Stack verus Queue: Your Brain & Things

In planning tasks take note of two different ways of placing items on a waiting list: stacking or queuing them.

We are all familiar with both. We go to the grocery store, and wait in a line (queue) to pay for our items. We have a pile of paper work on our desk, when we get something new we place it on top.

The order of clearing stacks and queues are opposite: in a queue it is first in, first out. In a stack it is first in, last out. In queues things flow through, in stacks they pile up and we have to dig down to the bottom.

So here is the important thing - our brains tend to act as stacks: the latest idea we have goes on top of prior things. This can be quite bad, since our memories are faulty it is similar to having a bunch of "to do" notes in a messy pile with disappearing ink on them. If we stack too much on there, by the time we dig back down the note is useless to us. Opportunity lost. Our brains stack projects and ideas that are written in disappearing ink leading to loss opportunities - we must find tools to help prevent loss of good ideas, losing focus and dropping what should be high priority tasks, and act on what is important now while saving good projects to think about for the future.

The classic approach to confronting this reality is to make a schedule in a calendar, ensuring we queue the important things and get them done. This is helpful. But how about all those "neat" ideas, stuff we want to do, projects to stew on? We need to store those, get them out of our mind so we don't forget them, and so we don't waste resources thinking about them without progressing them forward. You can have an "idea box", a note book, etc. to collect them - but this is far from ideal, now you have two separate processes to help manage your ideas.

I have found a nice tool that seems to take our brains "stack and lose" problem into account in a clean and easy to use manner: "things". The idea is simple: sticky notes, that can be tagged (for searching and ordering), placed in project folders, and have "to do on/by" stamps on them. Basically you take what your brain normally does - a bunch of ideas & thoughts - and you digitally capture them, allowing the computer to sort, slice, dice, put into a time sequence, store once done for documentation, rank by priority, etc. etc. Things is your brain, without the loss of persistence.

I'm currently using the free trial, and I am loving it. I have always had issues with retaining ideas and scheduling actions. Things seems to help, and is much more natural for me than just using a calendar. I get ideas and future projects put down, I get things done that need to be done. I'm still getting into the swing of things, and learning to use things better as I go, but I am highly impressed. My desk is a mess, my mind is worse - Things helps.

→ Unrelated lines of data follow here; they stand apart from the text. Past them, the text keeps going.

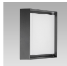
full-rim | opal
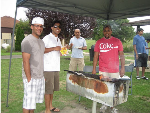
Above - The Grill masters.

The Annual BCS Picnic was held this year on August 1st at Laurel Acres Park in Mount Laurel. Although rain was in the forecast, we were spared the rain, and many people came out to enjoy good food and fun games, including the first annual phuchka eating contest. Here are some pictures from the event.
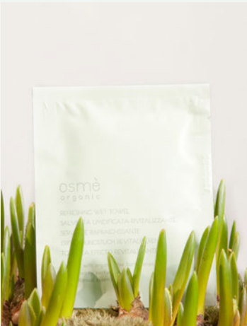
AB50SM refreshing wet towel suitable for use on the hand & face
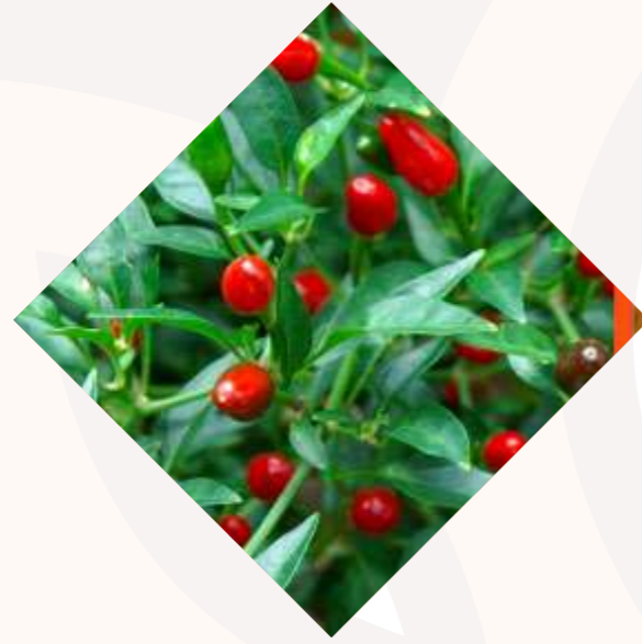
Bird Eye Chilies
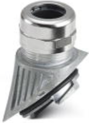
EVO EMC cable gland with bayonet locking, B series, size M32, cable diameter: 14 - 21 mm

Please be informed that the data shown in this PDF Document is generated from our Online Catalog. Please find the complete data in the user's documentation. Our General Terms of Use for Downloads are valid ( http://phoenixcontact.com/download )
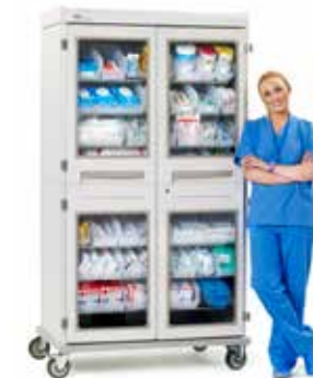
Starsys® XD O.R. Supply
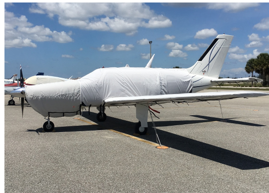
Piper Malibu Extended Canopy Cover, Engine, Wing & Horiz. Stab. Covers
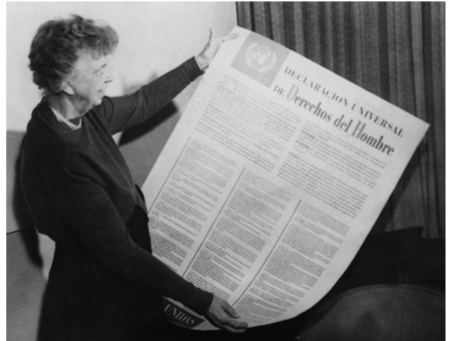
Eleanor Roosevelt holding the Universal Declaration of Human Rights (UDHR) in Spanish. November 1949.
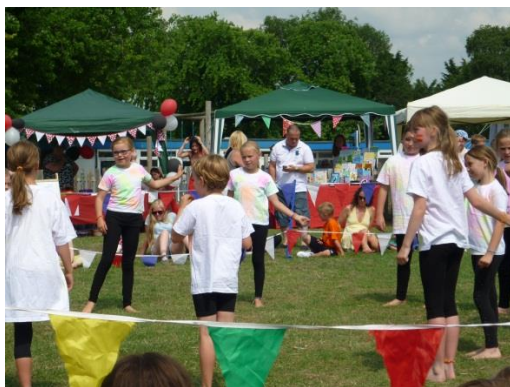
The Summer Carnival
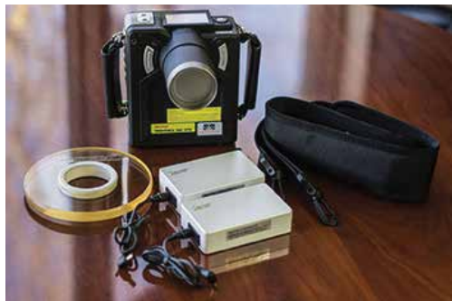
The Image-Vet FleXX™ requires NO installation or assembly. Its two rechargeable batteries, neck strap and back scatter shield all fit conveniently in the supplied hard-shelled transport case (not pictured).
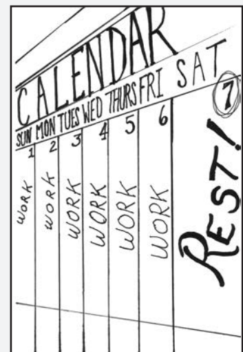
God invites humans to rest with Him.

Some Bible thinkers say God needed to rest after He made the earth in six days. But the real reason God rests is to give us an example of what we should do. Humans also must work for six days. Then we must rest on the seventh-day Sabbath. Bible expert Karl Barth says God rested on the seventh day to show humans that rest is part of His agreement with humans. The Sabbath is an invitation from God. On that day, God invites humans to rest with Him.
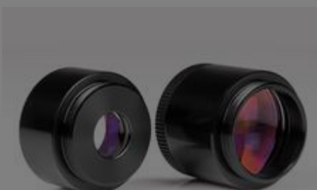
C, S, and T-Mount Circular Optic Mounts
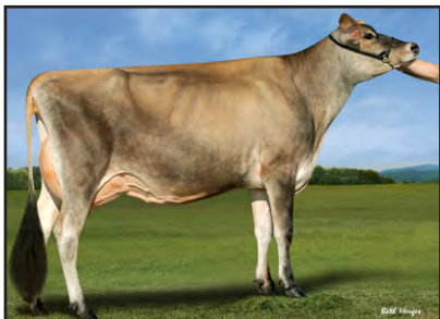
SOUTH MOUNTAIN COLTON COUNTESS Sister to the Dam of Lots 17 & 18
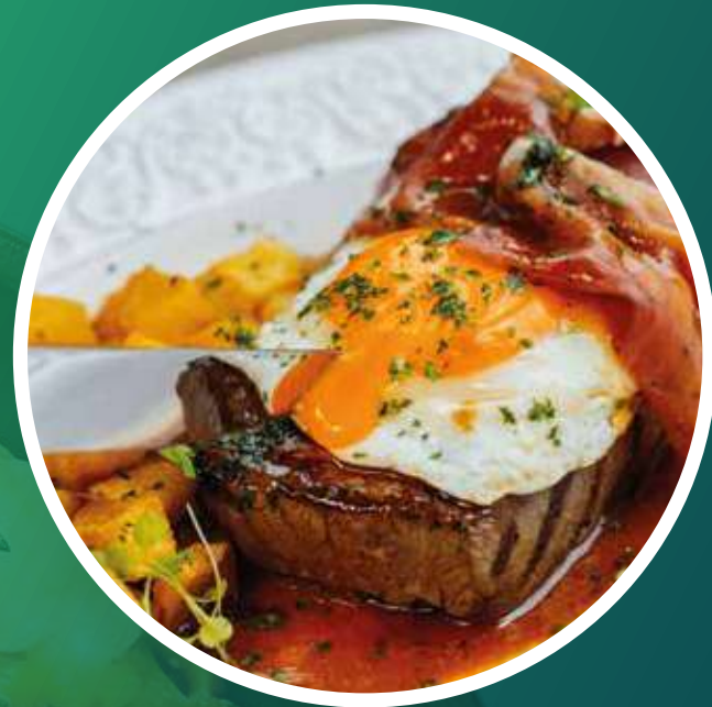
RANCHO PORTUGUÊS @ranchoportugues
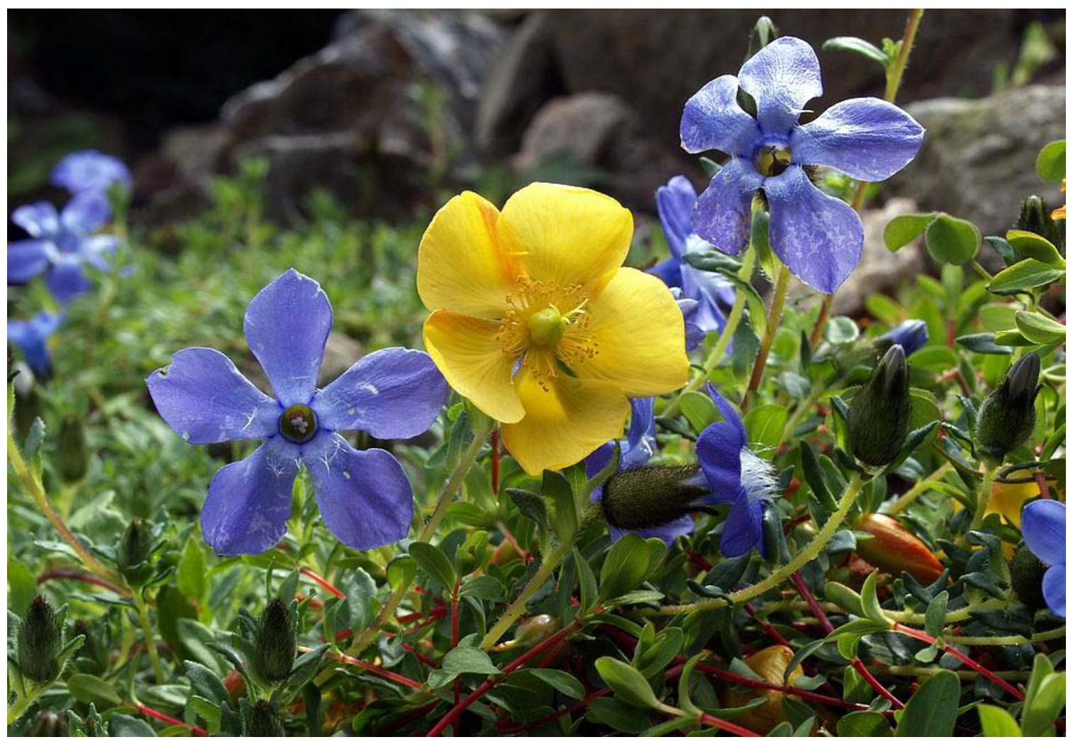
Cyananthus lobatus and Hypericum reptans

I will leave you this week with another view of the troughs and raised beds shows two Himalayan plants that enjoy spreading out and falling over the edges of the raised beds that are happy and attractive companions.
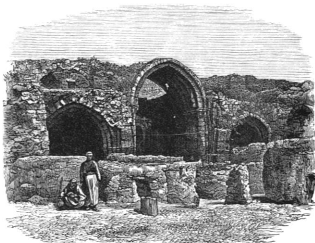
CHURCH OF ST. ANNE, SEPPHORIS.

Illustration from Tent Work in Palestine (My 53)
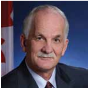
The Honourable Vic Toews, P.C., Q.C., M.P. Minister of Public Safety
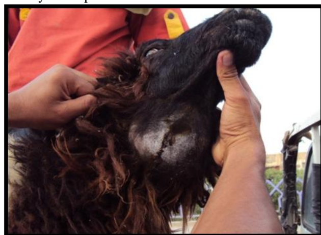
(Image:6) ) large, tension subcutaneous abscess in larynx region, contain gases with black color and odorous odor pus
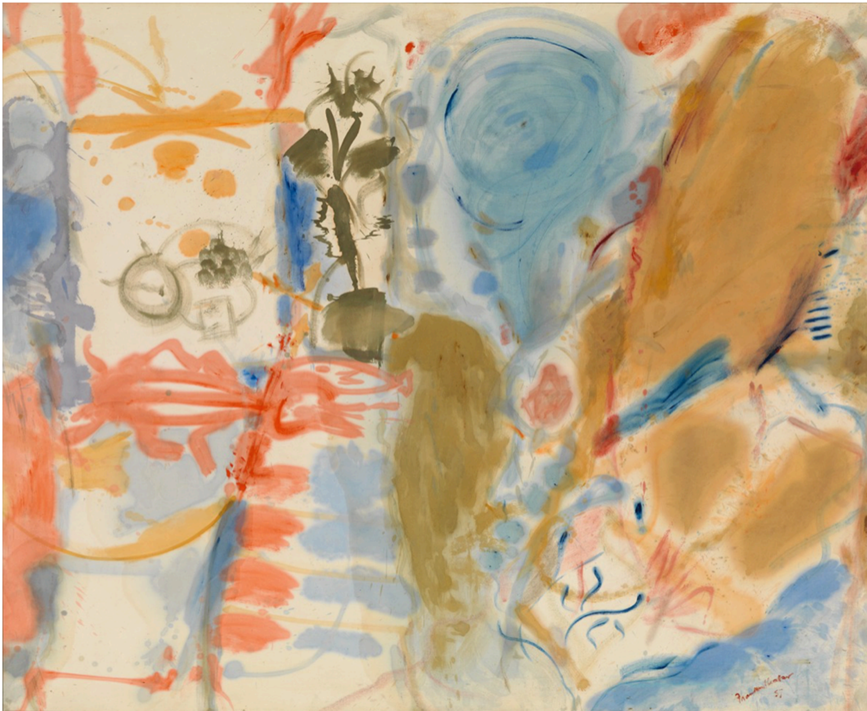
Helen Frankenthaler, Western Dream, 1957, Helen Frankenthaler Foundation, New York © 2017 Helen Frankenthaler Foundation, Inc./Artists Rights Society (ARS), New York.
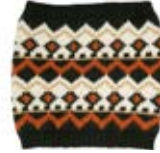
MUSHROOM / ORANGE NW04
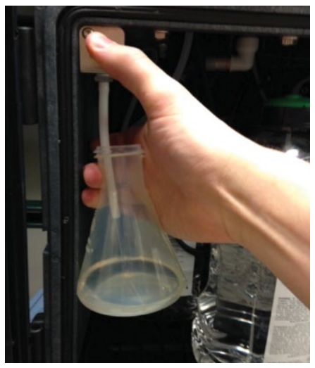
Figure 4 – Grab sample outlet
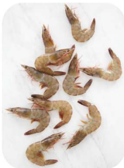
RAW HEAD-ON SHELL-ON (ALIVE GRADE)

Size : 16/20, 21/25, 26/30 to 71/90 per KG
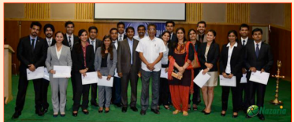
BEST SIP Awardees

SIP Awards 2014 were presented to 18 students and certificates were presented to their faculty guides on the occasion of Teachers Day.
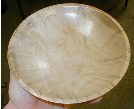
Different bowl: Nice effect inside
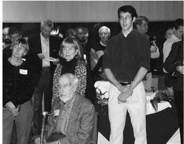
Event guests enjoyed a presentation on some of the 700 parks, trails, beaches and wildlife habitat areas protected with funds leveraged by the Coalition.

Bainbridge Island Winery • Cascade Designs REI • Sun Mountain Lodge Subhankar Banerjee • Sunny Walter
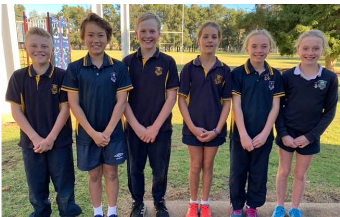
1500m Age Champions

First placegetters have qualified to represent Forbes Public in the 1500m event at the PSSA Lachlan Athletics Trials in Parkes on Friday, 9 August 2019.
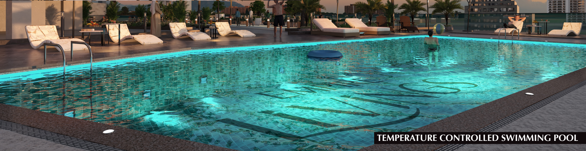
TEMPERATURE CONTROLLED SWIMMING POOL
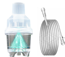
Nebuliser : VBBNB31193
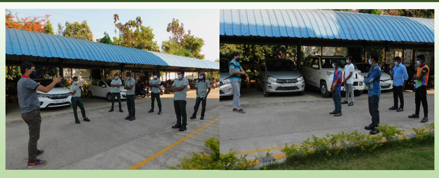
In Greases & Lubricants, Silvassa training sessions on prevention on COVID-19 are conducted on every Monday of the month. In photo are sessions being conducted in February 2021.
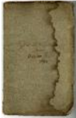
Ezekiel F. Chambers Esq. Docket October Term 1822 (MS 0011-1822-10-001)
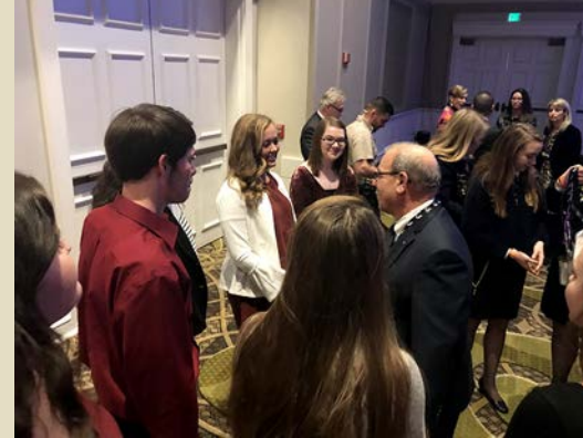
Arkansas 4-H officers meet Lawrence MacAulay, Canadian Minister of Agriculture.

The kids had a great time, also getting to see some of the sights of Nashville, such as the Opryland Hotel and the Parthenon. All and all, this was a unique opportunity on many levels and had an obvious impact on the kids, helping to expand their world as they continue to grow into young adults. ■

There are two problems with things: (1) it is only for the Mac, and (2) it costs $$$. The value for the money is very high though: I will most likely be shelling out the cash, things is a valuable tool for me - I'm going to be spending my coffee/beer money on this. If you are on PC you are currently out of luck; but now that this tool is out I'm sure there will be knock offs, so look around.

Lowdown:
- View your brain's storage of ideas as a stack of notes written in disappearing ink: this is a simple analogy and will help you figure out how to best deal with this.
- Things is a tool that addresses this by digitizing ideas in notes, allowing tagging, sorting, scheduling, binning, etc. Things is natural as it follows our natural brain process, and addressed the problems we have by using the strengths of digital storage. Consider Things, or something similar, for yourself. It just might be just the thing you were looking for...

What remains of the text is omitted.